== REQUIREMENT ==
Would you repeat every entry below word for word but drop the images?

== TASK INPUTS ==
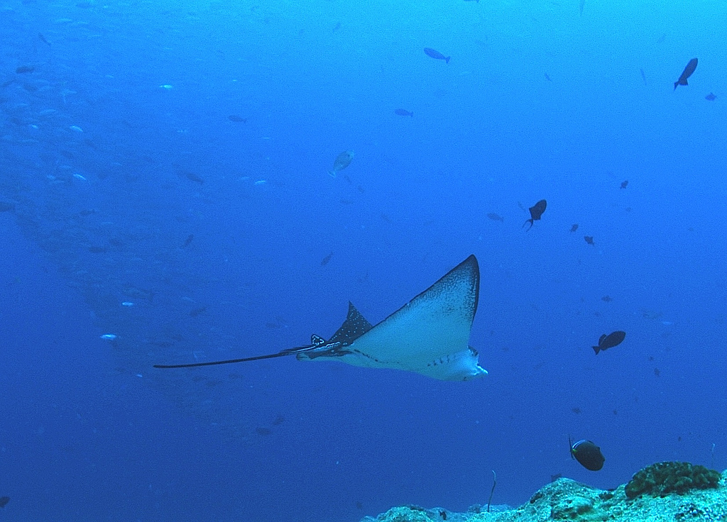 Spotted eagle ray (Aetobatus ocellatus) at Palau.
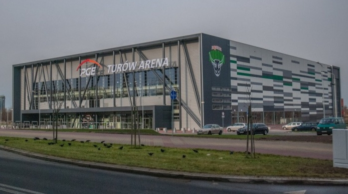 Sport arena in Zgorzelec (late 2014)
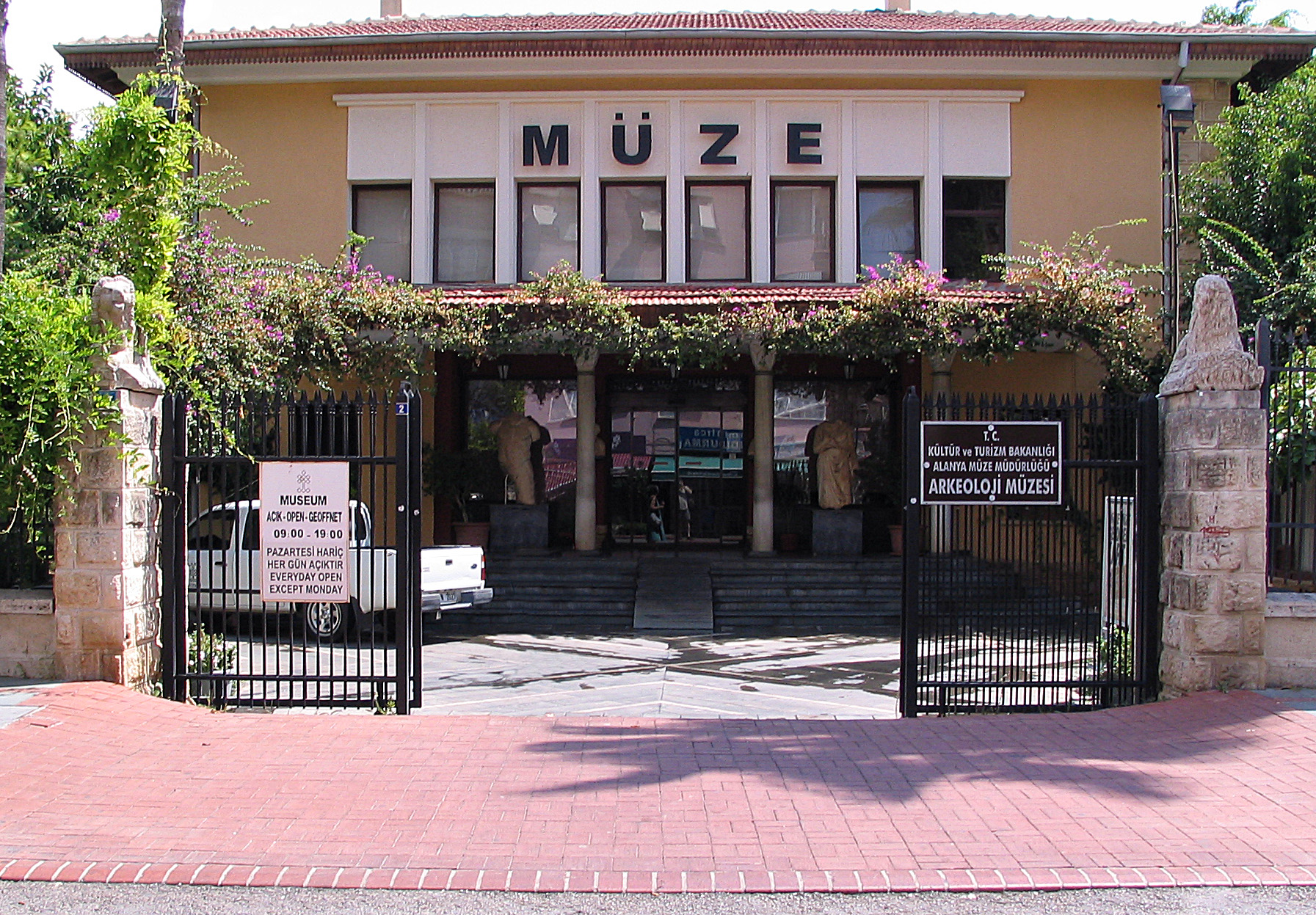 Archeological museum of Alanya, Turkey.
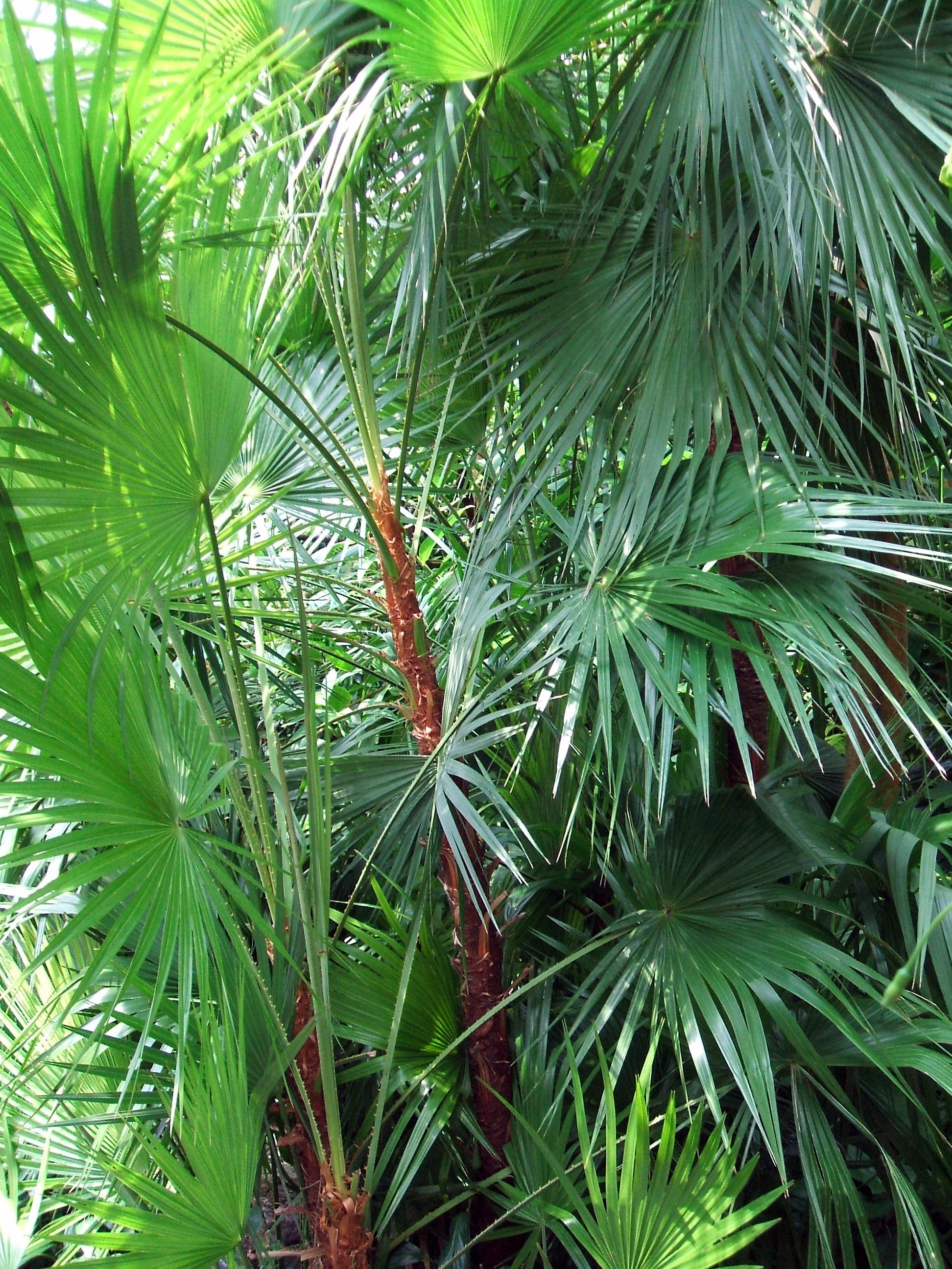 Acoelorraphe wrightii, at the Missouri Botanical Garden.
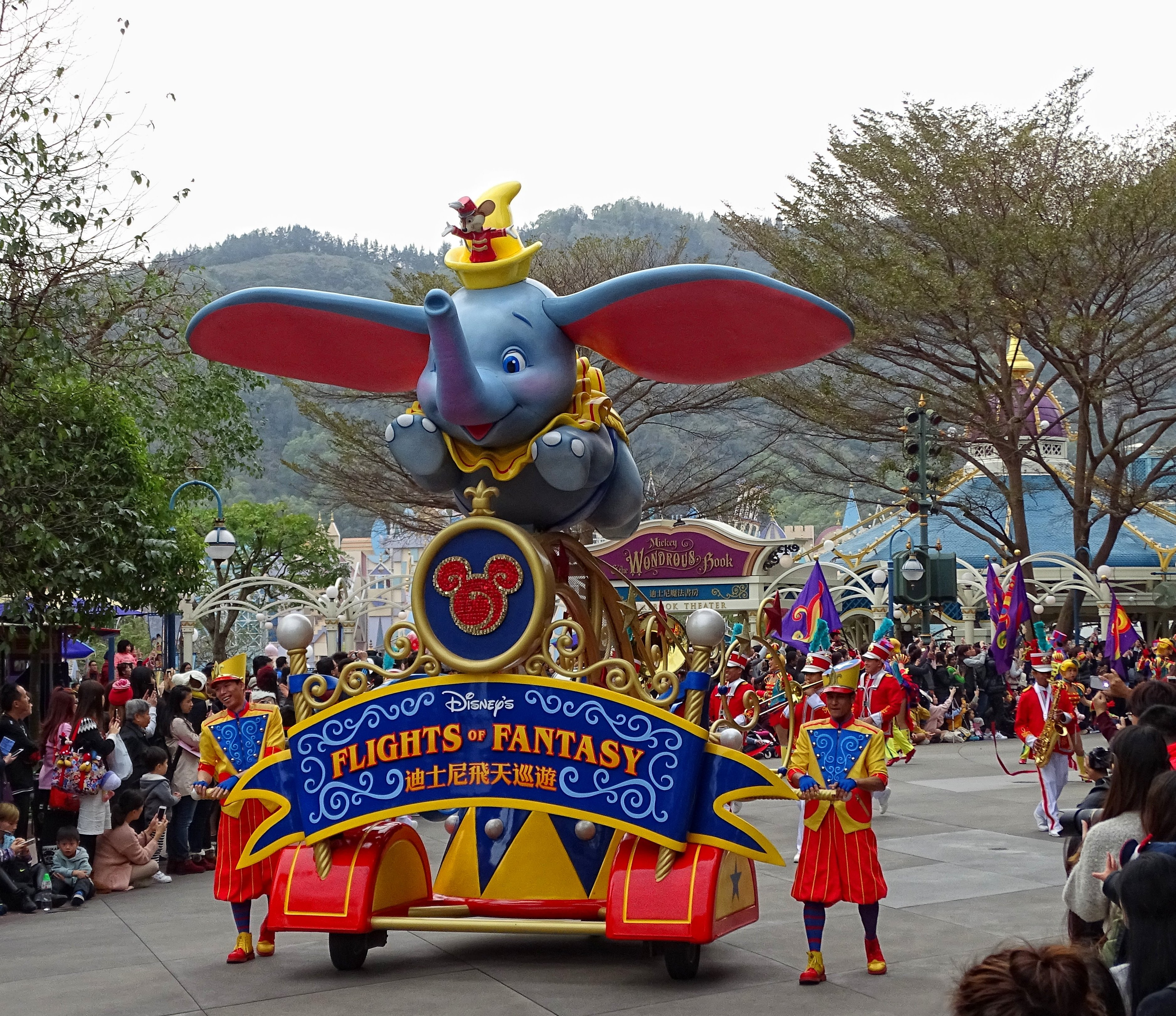 The front of the Flights of Fantasy parade in Hong Kong Disneyland as of 2016.

== TASK RESULT ==
 Spotted eagle ray (Aetobatus ocellatus) at Palau.
 Sport arena in Zgorzelec (late 2014)
 Archeological museum of Alanya, Turkey.
 Acoelorraphe wrightii, at the Missouri Botanical Garden.
 The front of the Flights of Fantasy parade in Hong Kong Disneyland as of 2016.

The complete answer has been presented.